I think the general concerns of the novel are clear. And I think identity is a part of those concerns. I think the conflict between inward-looking tradition and threatening newness is central. I think the use of multiple voices is significant. And I think questions of family, and of the connection between people, have a part to play.
Still, much in the book is not obvious to me. Even typography is puzzling: paragraphs occasionally lack indentation (sign of an abrupt transition, or a dislocation in consciousness?) or are interrupted by parentheses. In the first part of the book, but not the second, single words in mid-sentence centred on the page become a means of transition from one voice to another. It’s a striking effect, but I can’t work out what it’s supposed to convey.

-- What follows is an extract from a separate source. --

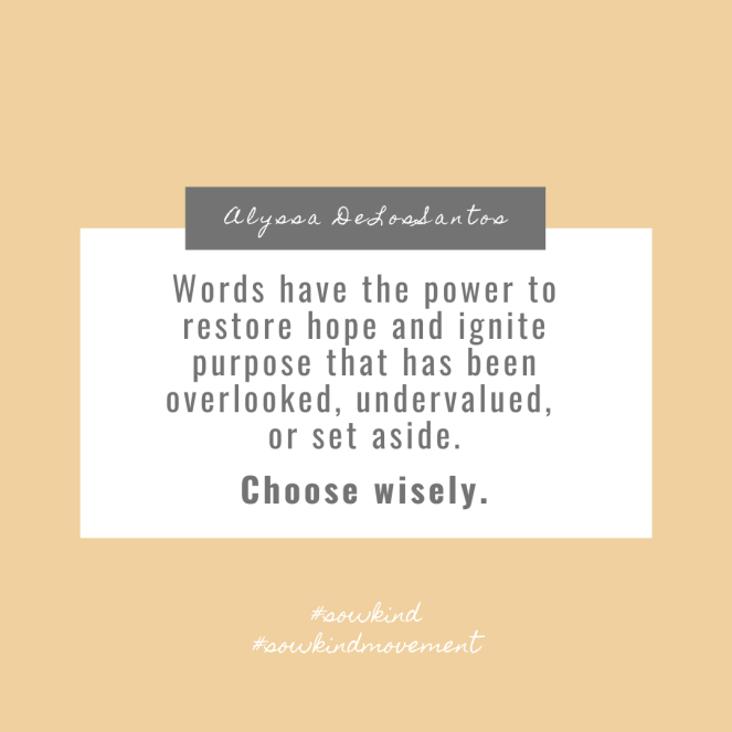 #sowkind to the neighbors on your street, the people at your work, and the strangers you encounter. When kindness returns to you, it seems to be right on time to meet a real time need. If that is true for you, you can be confident it is true for the people who intersect with your kindness.
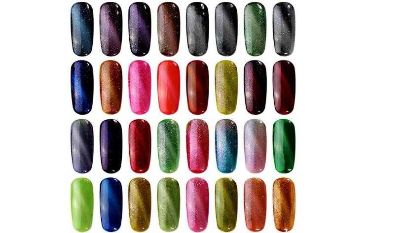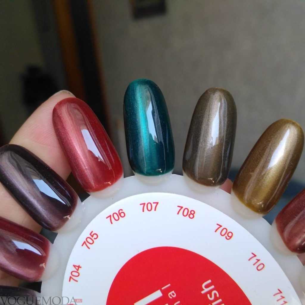 Маникюр «Кошачий глаз» гель-лаками можно создать в любой цветовой гамме. На фотографии ниже рассмотрите варианты цветов и как лак будет выглядеть на ногтях. Даже однотонное покрытие ногтей данным лаком смотрится невероятно эффектно, особенно красиво переливаются блики на солнце или при свете электрических ламп.

I think the book works because the ambiguity serves the horror: by being wrong-footed, the reader’s thrown headlong into that unsure, uncanny world. And I think it works because even if I can’t immediately explain each device in the book, there is still a sense that there is an explanation; that there’s a unity in the novel. Which I think means that the themes of the book cohered to me as I read it. It’s a book that rewards careful examination, careful consideration. The ambiguity engages you, and makes the work live. I think it may be overdone, but even if so, it’s still oddly exhilarating. This is a young writer discovering her powers, and there’s something dynamic in that alone. Even better is that it also results in an intriguing book that demands and rewards close attention.